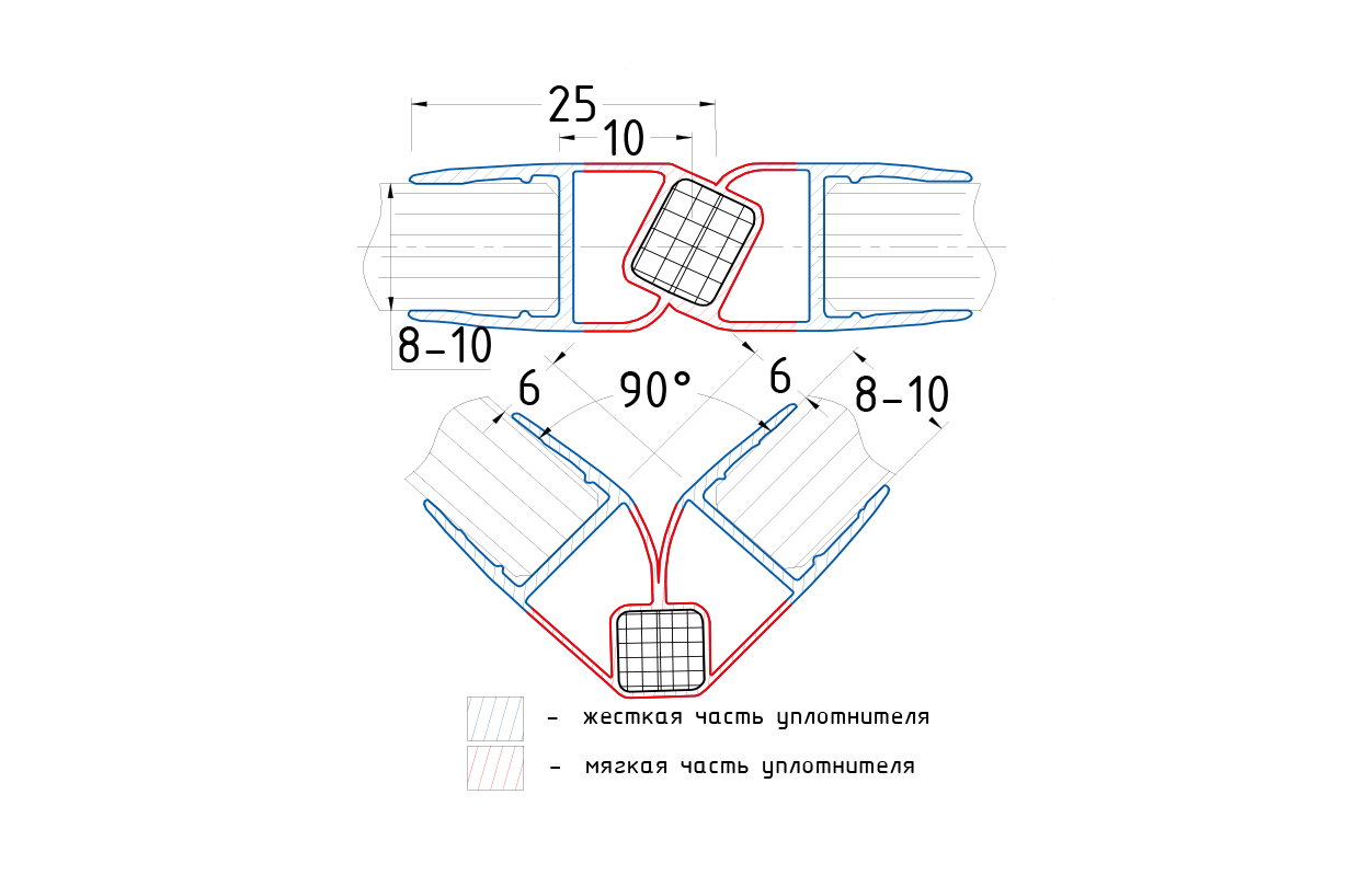 Комплект уплотнителей для стекла 8 мм (2 шт.), прозрачный, стекло-стекло, с магнитом 90°/180°, 2200 мм
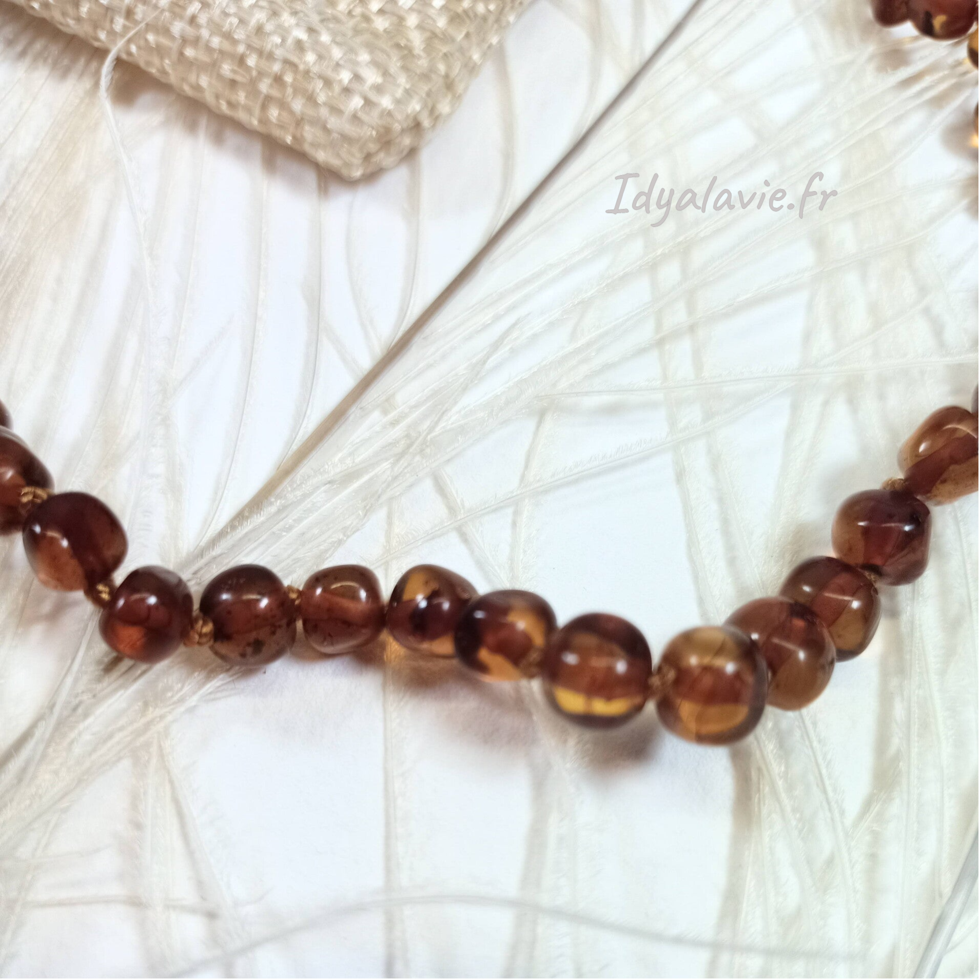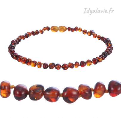 Collier pour bébé en véritable Ambre de la Baltique, résine fossile de plus de 45 millions d'années aux nombreuses vertus.
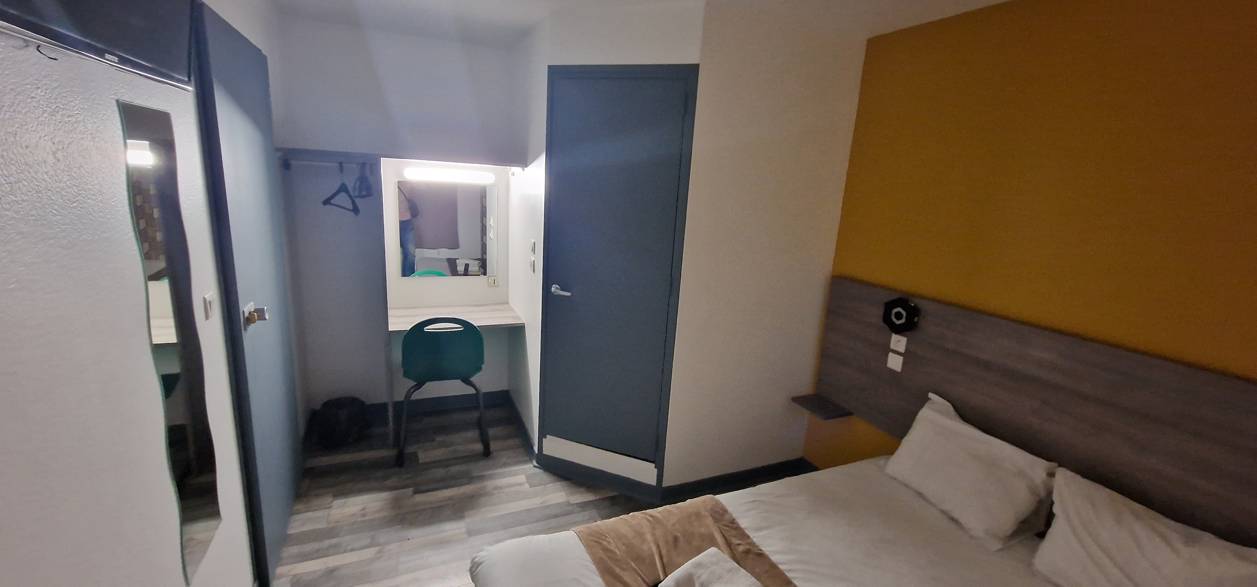 Accueil sympathique à l'arrivée La chambre était propre par contre le point négatif clairement c'est la salle de bain , minuscule , et en prenant une douche vous l'avez toute la salle de bain , il y avait un trou dans le lavabo , et les WC avaient une petite fuite quand on tirait la chasse d'eau il y avais de l'eau au sol (chambre 119) Mais pour 37 euros la nuit ça fait le job! Concernant la télé , il aurait été judicieux de la mettre plus bas car on se casse le cou si haut
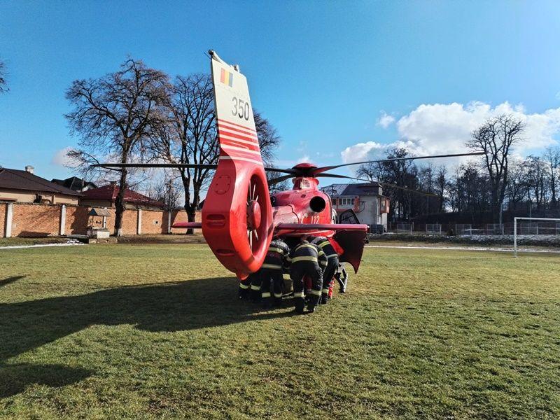 Elicopterul SMURD a fost solicitat duminică, 28 ianuarie 2024, pentru a prelua un bărbat, în vârstă de 82 de ani, din Dorohoi.
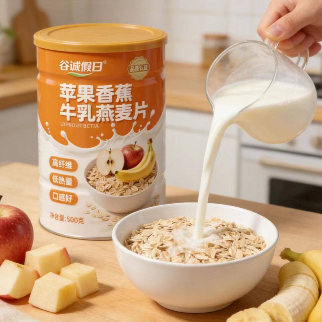 苹果香蕉牛乳燕麦片免煮无糖水果燕麦片冲泡学生早餐饱腹高纤维
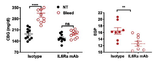 IL-6是肝细胞中STAT3信号通路的基础【3】。为验证IL-6对肝细胞内STAT3信号通路的影响,作者原位接种PDAC细胞至Il6−/−小鼠内,发现荷瘤Il6−/−小鼠肝细胞内STAT3活化降低,伴随着骨髓细胞聚集、细胞外基质蓄积的减少和SAA的表达的降低,但不影响原发肿瘤的生长、增殖和血管密度。且Il6−/−小鼠对肿瘤转移性肝脏定植的易感性也显著低于对照组。此外,通过IL-6R抗体阻断IL-6信号通路,也可显著抑制肝脏内形成肿瘤转移前微环境。值得注意的是,作者发现IL-6主要来源于原发肿瘤内的基质细胞而非肿瘤细胞本身。以上结果表明,来自于原发肿瘤内非肿瘤细胞产生的IL-6是肝细胞STAT3信号通路的重要调控者。
------------------------------------
Could you write out, word for word, the lines from the one containing "Accueil sympathique à" through the last line of the records, leaving out the pictures?

→ RESPONSE TO THE EXERCISE
 Accueil sympathique à l'arrivée La chambre était propre par contre le point négatif clairement c'est la salle de bain , minuscule , et en prenant une douche vous l'avez toute la salle de bain , il y avait un trou dans le lavabo , et les WC avaient une petite fuite quand on tirait la chasse d'eau il y avais de l'eau au sol (chambre 119) Mais pour 37 euros la nuit ça fait le job! Concernant la télé , il aurait été judicieux de la mettre plus bas car on se casse le cou si haut
 Elicopterul SMURD a fost solicitat duminică, 28 ianuarie 2024, pentru a prelua un bărbat, în vârstă de 82 de ani, din Dorohoi.
 苹果香蕉牛乳燕麦片免煮无糖水果燕麦片冲泡学生早餐饱腹高纤维
 IL-6是肝细胞中STAT3信号通路的基础【3】。为验证IL-6对肝细胞内STAT3信号通路的影响,作者原位接种PDAC细胞至Il6−/−小鼠内,发现荷瘤Il6−/−小鼠肝细胞内STAT3活化降低,伴随着骨髓细胞聚集、细胞外基质蓄积的减少和SAA的表达的降低,但不影响原发肿瘤的生长、增殖和血管密度。且Il6−/−小鼠对肿瘤转移性肝脏定植的易感性也显著低于对照组。此外,通过IL-6R抗体阻断IL-6信号通路,也可显著抑制肝脏内形成肿瘤转移前微环境。值得注意的是,作者发现IL-6主要来源于原发肿瘤内的基质细胞而非肿瘤细胞本身。以上结果表明,来自于原发肿瘤内非肿瘤细胞产生的IL-6是肝细胞STAT3信号通路的重要调控者。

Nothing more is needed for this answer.